On Wednesday, September 1, opensource.com will be hosting a webcast with Stefan Lindegaard, one of the world’s leading experts on open innovation.
Stefan is author of the recently published book The Open Innovation Revolution, and blogs regularly on 15inno.com and stefanlindegaard.com.
We see a lot of commonalities between the open source way and the key concepts of open innovation, and thought inviting Stefan to come share his knowledge about open innovation with the opensource.com audience might be a good way to spur dialog between people in open source and open innovation communities.
In preparation for the webcast, we’ve asked Stefan five questions about subjects he may cover in more detail on September 1.
CHRIS: Early in your book, The Open Innovation Revolution, you share an idea that came out of one of your discussions with innovation leaders: “Embracing the outside requires that you know the inside.” Why do you think companies struggle so much to understand their own internal innovation model? How does this hinder their ability to pursue open innovation strategies?

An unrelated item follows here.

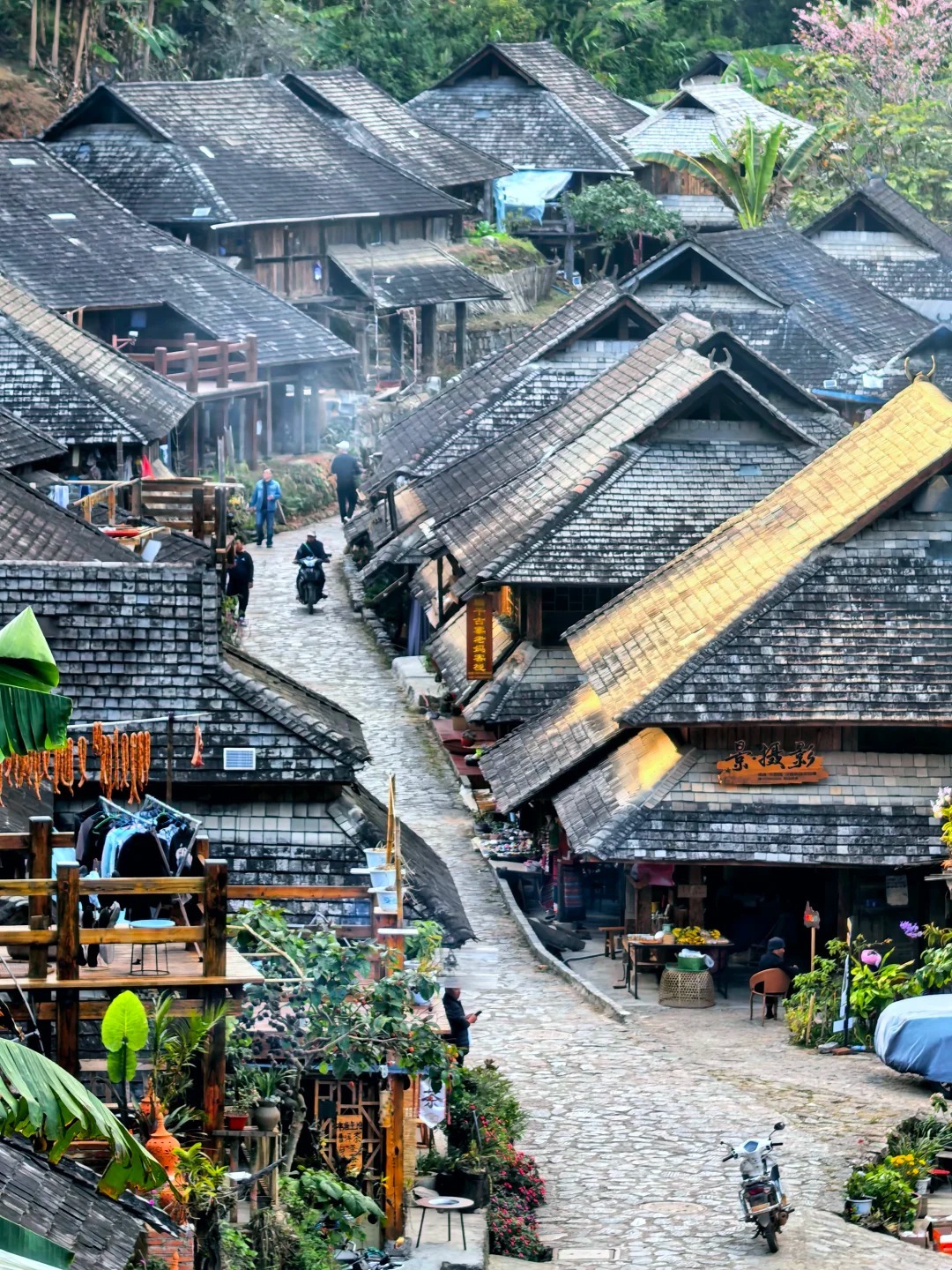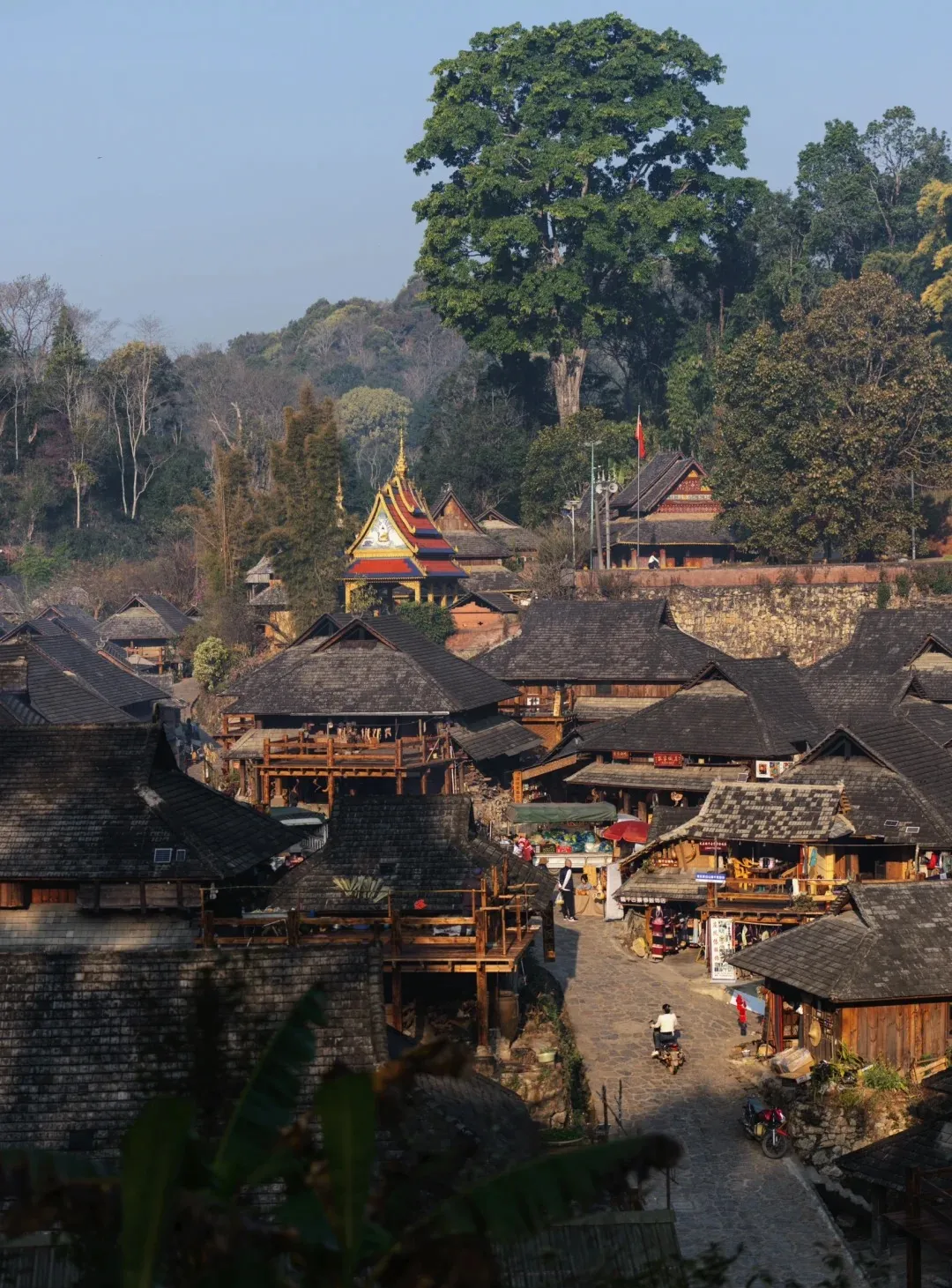 游玩结束后,乘车前往【景迈山】,先到达的是《一点就到家》拍摄地【糯干古寨】,这里的傣族与大家印象中的傣族或有出入,旧居景迈山的傣族人有传统傣族的温柔也有大山的豪放,真正让人惊艳的时糯干古寨的古朴和祥和,原始的干栏式建筑保存完整,百姓自如地生活在村中,祥和的氛围被许多人誉为“真正的世外桃源”。
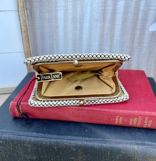 Antique Park Lane Pearl White and Gold Folding Twist Top Wallet

STEFAN: Companies have chronic issues making innovation happen internally. This has many reasons. Executives might not fully understand innovation, the organization is not trained for innovation or there is just not enough focus on how to make innovation happen. On the latter, I can add that only very few companies actually have an innovation strategy that is aligned with the overall corporate strategy.
If you want to bring in external partners to your innovation process, these partners expect that you have order in your own house. If you fail to work efficiently with these partners nothing happens in terms of outcome. Even worse, the word spreads that you are not a good innovation partner and thus you will have a harder time attracting future partners.
Some companies believe that if they just embrace open innovation, then all their internal innovation issues will be solved. This will not happen. Open innovation is not a holy grail.